Estas características tienen profundas consecuencias funcionales. Las regiones variables de ambas cadenas pesada (VH) y ligera (VL) se encuentran en los "extremos" de la Y, en donde están colocadas para que reaccionen con el antígeno. Este extremo de la molécula es el lado en el que está localizado el N-terminal de la secuencia de aminoácidos. El tronco de la Y sobresale de tal modo que media de forma eficaz en las funciones efectoras, tales como la activación del complemento y la interacción con los receptores de Fc, o ADCC y ADCP. Sus dominios CH2 y CH3 sobresalen para facilitar la interacción con proteínas efectoras. El C-terminal de la secuencia de aminoácidos se localiza en el lado opuesto del extremo, que puede denominarse "parte baja" de la Y. La estructura de una IgG1 intacta se ilustra en la figura 1a.
En los anticuerpos se encuentran dos tipos de cadenas ligeras, denominadas lambda (A) y kappa (K) . Una inmunoglobulina concreta tiene cadenas K o cadenas A, nunca una de cada. No se han descubierto diferencias funcionales entre los anticuerpos que tienen cadenas ligeras A o K.
La organización estructural de los monómeros de la principal clase de inmunoglobulinas humanas se muestra en la figura 1b. Las clases se diferencian en la composición y en la secuencia de sus respectivas cadenas pesadas. Ambas IgM e IgE carecen de una región bisagra pero cada una contiene un dominio de cadena pesada adicional (CH4) . El número y las localizaciones de los enlaces disulfuro (líneas) que conectan las cadenas se diferencian entre los isotipos. También se diferencian en la distribución de los grupos carbohidratos N-conectados, que se muestran simbólicamente como círculos.
Cada dominio en una molécula de anticuerpo tiene una estructura similar de dos láminas beta muy compactadas entre sí en un barril beta antiparalelo comprimido. Esta estructura conservada se denomina plegamiento de la inmunoglobulina. El plegamiento de la inmunoglobulina de dominios constantes contiene una lámina tricatenaria compactada junto a una lámina tetracatenaria. El plegamiento es estabilizado por enlaces de hidrógeno entre las cadenas beta de cada lámina, por enlaces hidrófobos entre restos de láminas opuestas en el interior, y por un puente disulfuro entre las láminas. La lámina tricatenaria comprende las cadenas C, F y G, y la lámina tetracatenaria tiene las cadenas A, B, E y D. Las letras A a G indican las posiciones secuenciales de las cadenas beta a lo largo de la secuencia de aminoácidos del plegamiento de la inmunoglobulina.

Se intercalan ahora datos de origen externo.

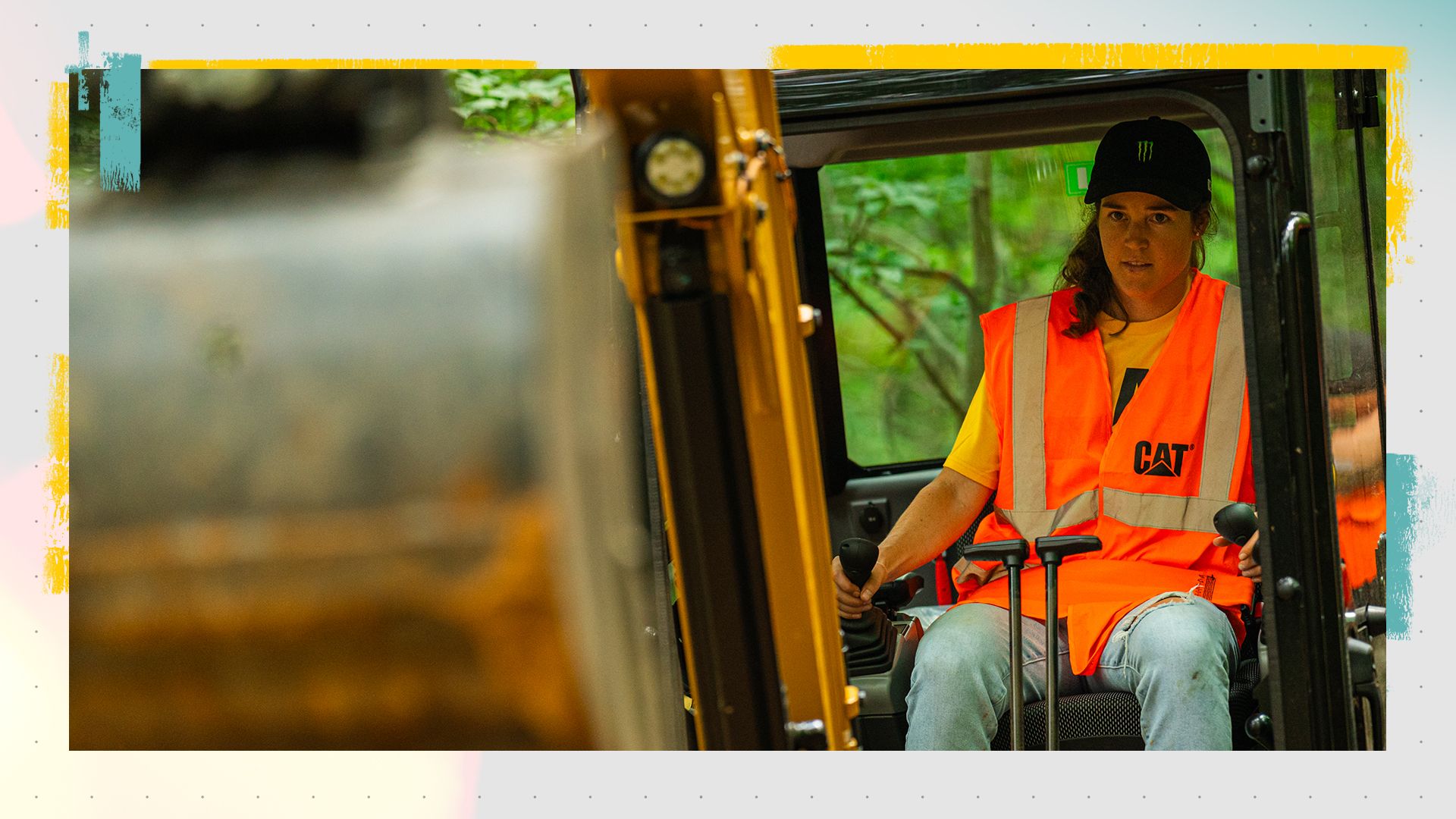 Michael hatte die Beweglichkeit, Vielseitigkeit und Kraft, um Teile von Camilles Piste umzugestalten und ihre Vision zum Leben zu erwecken. Gemeinsam zerkleinerten sie nicht nur Steine – zusätzlich zur Säuberung von Bereichen der Piste gestalteten sie den Step-up (einen Sprung, bei dem die Landung höher ist als der Absprungpunkt) neu, um ihn etwas schneller zu machen, und fügten eine große Kurve zu einem brandneuen Sprung hinzu.

El plegamiento de dominios variables tiene 9 cadenas beta dispuestas en dos láminas de 4 y 5 cadenas. La lámina pentacatenaria es estructuralmente homóloga a la lámina tricatenaria de los dominios constantes, pero contiene dos cadenas más, C' y C''. El resto de las cadenas (A, B, C, D, E, F, G) tienen la misma topología y una estructura similar a sus homólogos en los plegamientos de inmunoglobulinas de dominios constantes. Un enlace disulfuro conecta las cadenas B y F en láminas opuestas, al igual que en los dominios constantes. El plegamiento de la inmunoglobulina se ilustra en la figura 2 para un dominio constante y un dominio variable de una inmunoglobulina.

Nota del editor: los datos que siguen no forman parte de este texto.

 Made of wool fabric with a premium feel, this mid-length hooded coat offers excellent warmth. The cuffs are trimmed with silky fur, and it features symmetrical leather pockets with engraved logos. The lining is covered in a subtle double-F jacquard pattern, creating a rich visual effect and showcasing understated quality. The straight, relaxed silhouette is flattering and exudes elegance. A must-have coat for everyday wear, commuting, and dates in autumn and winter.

Los dominios variables de ambas cadenas de inmunoglobulina ligera y pesada contienen tres bucles hipervariables, o regiones determinantes de la complementariedad (CDR) . Las tres CDR de un dominio V (CDR1, CDR2, CDR3) se agrupan en un extremo del barril beta. Las CDR son bucles que conectan las cadenas beta B-C, C'-C'', y F-G del plegamiento de la inmunoglobulina. Los restos en las CDR varían de una molécula de inmunoglobulina a otra, impartiendo especificidad de antígeno a cada anticuerpo.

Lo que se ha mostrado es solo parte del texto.